• EXERCISE GOAL
Below this line is the material. Write out only its lines from the one containing "Такое расположение рукояток" through the one containing "00s OLD STUSSY/Logo", both kept, exactly.

• GIVEN ENTRIES
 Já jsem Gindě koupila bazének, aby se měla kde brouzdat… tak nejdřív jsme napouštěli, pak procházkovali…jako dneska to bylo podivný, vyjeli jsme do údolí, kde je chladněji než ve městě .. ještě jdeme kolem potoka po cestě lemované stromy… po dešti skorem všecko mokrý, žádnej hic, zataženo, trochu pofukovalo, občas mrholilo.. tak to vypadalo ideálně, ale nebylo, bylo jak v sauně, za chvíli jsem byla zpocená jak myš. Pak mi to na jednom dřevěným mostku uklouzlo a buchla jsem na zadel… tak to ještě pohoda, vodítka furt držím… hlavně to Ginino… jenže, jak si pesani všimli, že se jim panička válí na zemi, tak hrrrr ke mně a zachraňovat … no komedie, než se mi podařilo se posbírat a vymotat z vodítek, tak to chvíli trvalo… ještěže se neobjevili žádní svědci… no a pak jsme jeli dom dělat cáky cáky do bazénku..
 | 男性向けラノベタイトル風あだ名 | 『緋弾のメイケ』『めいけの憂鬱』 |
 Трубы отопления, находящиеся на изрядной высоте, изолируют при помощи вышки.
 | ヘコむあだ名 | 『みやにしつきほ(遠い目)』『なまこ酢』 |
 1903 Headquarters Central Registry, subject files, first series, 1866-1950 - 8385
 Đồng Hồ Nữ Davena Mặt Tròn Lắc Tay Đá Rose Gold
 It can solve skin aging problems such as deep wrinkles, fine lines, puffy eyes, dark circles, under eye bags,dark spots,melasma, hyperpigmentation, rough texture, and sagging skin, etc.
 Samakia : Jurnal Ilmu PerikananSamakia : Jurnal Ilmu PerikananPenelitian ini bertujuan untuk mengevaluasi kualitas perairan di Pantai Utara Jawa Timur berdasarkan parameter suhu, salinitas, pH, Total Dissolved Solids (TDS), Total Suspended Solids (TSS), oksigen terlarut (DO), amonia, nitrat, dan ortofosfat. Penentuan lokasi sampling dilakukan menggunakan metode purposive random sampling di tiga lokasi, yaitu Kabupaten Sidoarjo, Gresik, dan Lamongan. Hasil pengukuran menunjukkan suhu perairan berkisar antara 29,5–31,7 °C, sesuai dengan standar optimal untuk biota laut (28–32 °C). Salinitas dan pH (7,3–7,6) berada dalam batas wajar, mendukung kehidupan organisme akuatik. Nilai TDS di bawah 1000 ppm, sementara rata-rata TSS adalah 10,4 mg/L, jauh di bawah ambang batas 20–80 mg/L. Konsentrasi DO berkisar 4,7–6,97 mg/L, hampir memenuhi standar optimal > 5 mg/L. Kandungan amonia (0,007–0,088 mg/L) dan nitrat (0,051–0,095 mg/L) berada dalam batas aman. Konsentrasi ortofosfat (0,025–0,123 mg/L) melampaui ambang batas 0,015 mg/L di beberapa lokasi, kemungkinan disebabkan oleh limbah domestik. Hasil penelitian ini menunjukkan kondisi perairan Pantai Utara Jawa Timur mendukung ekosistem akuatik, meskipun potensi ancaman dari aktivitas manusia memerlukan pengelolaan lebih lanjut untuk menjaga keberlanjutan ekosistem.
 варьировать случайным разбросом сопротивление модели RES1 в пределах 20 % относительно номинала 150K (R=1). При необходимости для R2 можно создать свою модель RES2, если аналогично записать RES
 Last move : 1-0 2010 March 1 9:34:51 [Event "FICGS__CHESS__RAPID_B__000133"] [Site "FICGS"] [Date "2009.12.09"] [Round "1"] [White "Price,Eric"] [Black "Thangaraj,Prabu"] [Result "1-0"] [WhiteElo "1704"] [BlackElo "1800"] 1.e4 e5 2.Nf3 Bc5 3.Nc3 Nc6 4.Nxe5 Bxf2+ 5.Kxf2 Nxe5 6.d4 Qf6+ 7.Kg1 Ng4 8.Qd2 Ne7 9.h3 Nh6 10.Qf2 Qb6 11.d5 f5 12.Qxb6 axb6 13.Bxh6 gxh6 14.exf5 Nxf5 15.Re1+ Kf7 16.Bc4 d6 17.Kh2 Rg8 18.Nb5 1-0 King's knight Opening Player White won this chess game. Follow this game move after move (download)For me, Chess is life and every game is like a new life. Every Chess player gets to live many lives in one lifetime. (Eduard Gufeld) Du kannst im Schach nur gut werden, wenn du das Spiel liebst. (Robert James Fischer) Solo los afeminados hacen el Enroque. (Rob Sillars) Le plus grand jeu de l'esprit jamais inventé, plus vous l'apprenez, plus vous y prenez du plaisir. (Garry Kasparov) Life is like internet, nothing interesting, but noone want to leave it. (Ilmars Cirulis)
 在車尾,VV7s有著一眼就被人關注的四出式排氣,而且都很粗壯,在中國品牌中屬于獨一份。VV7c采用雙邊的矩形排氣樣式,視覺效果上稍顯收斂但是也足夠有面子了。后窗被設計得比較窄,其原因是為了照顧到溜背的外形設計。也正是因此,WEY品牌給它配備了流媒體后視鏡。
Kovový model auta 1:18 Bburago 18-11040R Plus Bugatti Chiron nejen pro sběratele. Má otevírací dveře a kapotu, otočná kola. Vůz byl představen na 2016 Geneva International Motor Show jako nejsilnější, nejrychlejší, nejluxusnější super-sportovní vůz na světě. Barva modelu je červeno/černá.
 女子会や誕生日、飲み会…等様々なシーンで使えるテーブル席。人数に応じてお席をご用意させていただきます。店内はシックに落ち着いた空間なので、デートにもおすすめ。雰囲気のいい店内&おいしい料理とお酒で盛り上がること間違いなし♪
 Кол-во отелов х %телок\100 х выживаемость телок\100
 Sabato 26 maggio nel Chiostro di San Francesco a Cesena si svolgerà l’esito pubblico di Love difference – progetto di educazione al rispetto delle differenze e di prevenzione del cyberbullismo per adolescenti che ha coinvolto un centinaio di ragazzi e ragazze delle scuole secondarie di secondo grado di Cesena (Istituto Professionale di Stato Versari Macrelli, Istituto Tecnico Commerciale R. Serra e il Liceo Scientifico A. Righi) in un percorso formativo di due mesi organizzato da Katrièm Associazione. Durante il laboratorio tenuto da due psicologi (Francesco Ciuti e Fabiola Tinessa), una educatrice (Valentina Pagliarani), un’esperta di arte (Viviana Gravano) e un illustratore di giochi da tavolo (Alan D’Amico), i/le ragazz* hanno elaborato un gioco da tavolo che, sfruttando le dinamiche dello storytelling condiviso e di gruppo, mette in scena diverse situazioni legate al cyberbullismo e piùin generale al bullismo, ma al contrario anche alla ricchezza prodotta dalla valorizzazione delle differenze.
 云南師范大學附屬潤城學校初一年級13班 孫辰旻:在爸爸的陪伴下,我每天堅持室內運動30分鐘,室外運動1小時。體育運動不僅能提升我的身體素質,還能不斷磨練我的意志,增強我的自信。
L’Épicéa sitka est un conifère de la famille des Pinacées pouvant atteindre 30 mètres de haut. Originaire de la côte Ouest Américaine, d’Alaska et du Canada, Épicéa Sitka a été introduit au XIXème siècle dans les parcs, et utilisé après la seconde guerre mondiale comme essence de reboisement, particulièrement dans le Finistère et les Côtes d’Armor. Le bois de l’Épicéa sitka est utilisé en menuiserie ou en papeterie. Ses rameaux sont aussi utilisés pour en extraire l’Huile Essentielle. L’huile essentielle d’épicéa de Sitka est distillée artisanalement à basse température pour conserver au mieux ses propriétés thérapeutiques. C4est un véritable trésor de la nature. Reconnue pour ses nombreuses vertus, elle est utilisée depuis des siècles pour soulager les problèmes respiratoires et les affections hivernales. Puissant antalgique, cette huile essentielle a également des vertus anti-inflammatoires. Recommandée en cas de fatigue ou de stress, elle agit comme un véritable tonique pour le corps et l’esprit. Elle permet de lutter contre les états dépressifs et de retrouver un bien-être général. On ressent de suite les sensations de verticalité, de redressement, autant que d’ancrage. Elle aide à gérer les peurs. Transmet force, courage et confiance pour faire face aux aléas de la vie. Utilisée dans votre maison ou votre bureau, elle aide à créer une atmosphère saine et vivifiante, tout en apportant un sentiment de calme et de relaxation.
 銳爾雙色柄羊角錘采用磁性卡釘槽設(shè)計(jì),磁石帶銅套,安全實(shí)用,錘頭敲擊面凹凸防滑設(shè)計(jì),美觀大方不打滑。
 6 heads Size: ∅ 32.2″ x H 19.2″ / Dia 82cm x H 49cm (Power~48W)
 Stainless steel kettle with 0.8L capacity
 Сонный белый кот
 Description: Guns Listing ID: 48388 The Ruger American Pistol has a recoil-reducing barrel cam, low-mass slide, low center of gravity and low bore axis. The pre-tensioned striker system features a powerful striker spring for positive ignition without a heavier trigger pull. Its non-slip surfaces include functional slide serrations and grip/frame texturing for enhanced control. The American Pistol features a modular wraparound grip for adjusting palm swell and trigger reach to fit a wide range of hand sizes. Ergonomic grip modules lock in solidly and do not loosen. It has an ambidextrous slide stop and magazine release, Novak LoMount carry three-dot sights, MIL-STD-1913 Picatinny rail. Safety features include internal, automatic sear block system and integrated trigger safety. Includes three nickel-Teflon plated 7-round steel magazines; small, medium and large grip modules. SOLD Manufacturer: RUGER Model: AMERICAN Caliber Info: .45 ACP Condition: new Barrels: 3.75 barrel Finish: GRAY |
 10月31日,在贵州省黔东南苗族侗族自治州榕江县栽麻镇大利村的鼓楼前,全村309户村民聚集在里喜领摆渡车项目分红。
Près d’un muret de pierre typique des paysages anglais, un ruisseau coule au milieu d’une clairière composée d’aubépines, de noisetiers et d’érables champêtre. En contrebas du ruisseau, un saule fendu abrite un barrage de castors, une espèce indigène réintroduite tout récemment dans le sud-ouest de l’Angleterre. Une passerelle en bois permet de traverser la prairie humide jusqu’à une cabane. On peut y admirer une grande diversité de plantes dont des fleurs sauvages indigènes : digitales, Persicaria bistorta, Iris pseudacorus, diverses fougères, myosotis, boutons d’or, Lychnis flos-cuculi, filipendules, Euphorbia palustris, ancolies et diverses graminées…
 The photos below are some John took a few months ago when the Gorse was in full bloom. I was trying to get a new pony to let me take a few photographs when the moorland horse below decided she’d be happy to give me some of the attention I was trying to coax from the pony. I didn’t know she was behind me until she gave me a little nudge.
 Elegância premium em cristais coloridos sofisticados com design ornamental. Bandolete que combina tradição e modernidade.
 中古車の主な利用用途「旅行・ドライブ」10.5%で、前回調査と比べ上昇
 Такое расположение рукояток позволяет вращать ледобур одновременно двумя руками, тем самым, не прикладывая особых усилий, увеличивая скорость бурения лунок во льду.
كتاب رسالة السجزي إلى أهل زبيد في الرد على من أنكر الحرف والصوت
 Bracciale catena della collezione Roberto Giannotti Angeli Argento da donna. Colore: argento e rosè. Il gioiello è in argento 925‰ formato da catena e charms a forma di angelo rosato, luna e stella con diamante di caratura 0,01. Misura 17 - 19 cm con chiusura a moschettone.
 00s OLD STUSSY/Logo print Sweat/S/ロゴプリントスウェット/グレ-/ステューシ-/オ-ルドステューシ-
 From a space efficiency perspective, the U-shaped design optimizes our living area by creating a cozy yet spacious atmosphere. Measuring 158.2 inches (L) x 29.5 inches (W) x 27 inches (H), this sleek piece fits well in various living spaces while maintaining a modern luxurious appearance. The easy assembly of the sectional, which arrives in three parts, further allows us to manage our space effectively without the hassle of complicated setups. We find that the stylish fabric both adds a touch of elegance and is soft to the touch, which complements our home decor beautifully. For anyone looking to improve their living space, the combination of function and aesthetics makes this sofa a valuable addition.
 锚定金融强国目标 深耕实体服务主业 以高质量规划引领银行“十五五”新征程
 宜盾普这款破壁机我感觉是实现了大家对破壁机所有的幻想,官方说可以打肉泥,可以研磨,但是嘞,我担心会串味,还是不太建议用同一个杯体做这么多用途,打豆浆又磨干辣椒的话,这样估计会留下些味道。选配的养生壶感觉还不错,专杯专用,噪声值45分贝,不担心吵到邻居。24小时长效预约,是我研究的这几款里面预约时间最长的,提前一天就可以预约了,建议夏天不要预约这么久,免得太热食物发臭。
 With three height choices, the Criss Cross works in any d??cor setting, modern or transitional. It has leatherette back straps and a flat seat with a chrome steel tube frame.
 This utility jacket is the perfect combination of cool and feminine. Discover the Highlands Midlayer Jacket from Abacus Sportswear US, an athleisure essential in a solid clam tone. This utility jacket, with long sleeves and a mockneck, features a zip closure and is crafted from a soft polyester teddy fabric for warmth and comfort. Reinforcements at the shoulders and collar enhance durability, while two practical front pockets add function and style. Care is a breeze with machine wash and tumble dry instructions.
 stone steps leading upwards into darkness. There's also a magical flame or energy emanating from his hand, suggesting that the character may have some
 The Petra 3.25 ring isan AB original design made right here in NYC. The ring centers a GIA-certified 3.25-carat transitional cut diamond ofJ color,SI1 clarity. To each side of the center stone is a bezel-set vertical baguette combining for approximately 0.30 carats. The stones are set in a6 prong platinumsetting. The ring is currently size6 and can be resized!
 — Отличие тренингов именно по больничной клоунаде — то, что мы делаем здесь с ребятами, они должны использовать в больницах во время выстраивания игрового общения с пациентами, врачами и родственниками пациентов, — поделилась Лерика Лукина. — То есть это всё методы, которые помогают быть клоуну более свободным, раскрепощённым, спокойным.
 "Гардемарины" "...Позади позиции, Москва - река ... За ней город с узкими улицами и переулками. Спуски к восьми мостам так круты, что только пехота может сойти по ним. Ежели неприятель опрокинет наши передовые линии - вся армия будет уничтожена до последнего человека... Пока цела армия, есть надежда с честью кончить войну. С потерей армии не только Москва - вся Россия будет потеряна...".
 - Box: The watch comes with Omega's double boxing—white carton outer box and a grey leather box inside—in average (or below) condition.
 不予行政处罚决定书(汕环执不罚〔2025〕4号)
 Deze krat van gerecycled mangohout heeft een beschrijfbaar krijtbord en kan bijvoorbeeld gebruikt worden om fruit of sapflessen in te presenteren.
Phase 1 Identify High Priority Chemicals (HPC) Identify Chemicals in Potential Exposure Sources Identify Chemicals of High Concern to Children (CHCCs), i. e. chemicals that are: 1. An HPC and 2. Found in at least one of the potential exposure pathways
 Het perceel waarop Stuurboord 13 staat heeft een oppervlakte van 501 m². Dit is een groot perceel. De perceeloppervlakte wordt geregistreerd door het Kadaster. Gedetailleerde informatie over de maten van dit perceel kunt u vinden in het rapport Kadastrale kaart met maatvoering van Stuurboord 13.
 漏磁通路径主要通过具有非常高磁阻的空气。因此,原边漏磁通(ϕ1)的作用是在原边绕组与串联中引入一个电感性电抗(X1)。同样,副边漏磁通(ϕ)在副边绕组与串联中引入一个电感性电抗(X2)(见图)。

• ANSWER TO THIS TASK
 Такое расположение рукояток позволяет вращать ледобур одновременно двумя руками, тем самым, не прикладывая особых усилий, увеличивая скорость бурения лунок во льду.
كتاب رسالة السجزي إلى أهل زبيد في الرد على من أنكر الحرف والصوت
 Bracciale catena della collezione Roberto Giannotti Angeli Argento da donna. Colore: argento e rosè. Il gioiello è in argento 925‰ formato da catena e charms a forma di angelo rosato, luna e stella con diamante di caratura 0,01. Misura 17 - 19 cm con chiusura a moschettone.
 00s OLD STUSSY/Logo print Sweat/S/ロゴプリントスウェット/グレ-/ステューシ-/オ-ルドステューシ-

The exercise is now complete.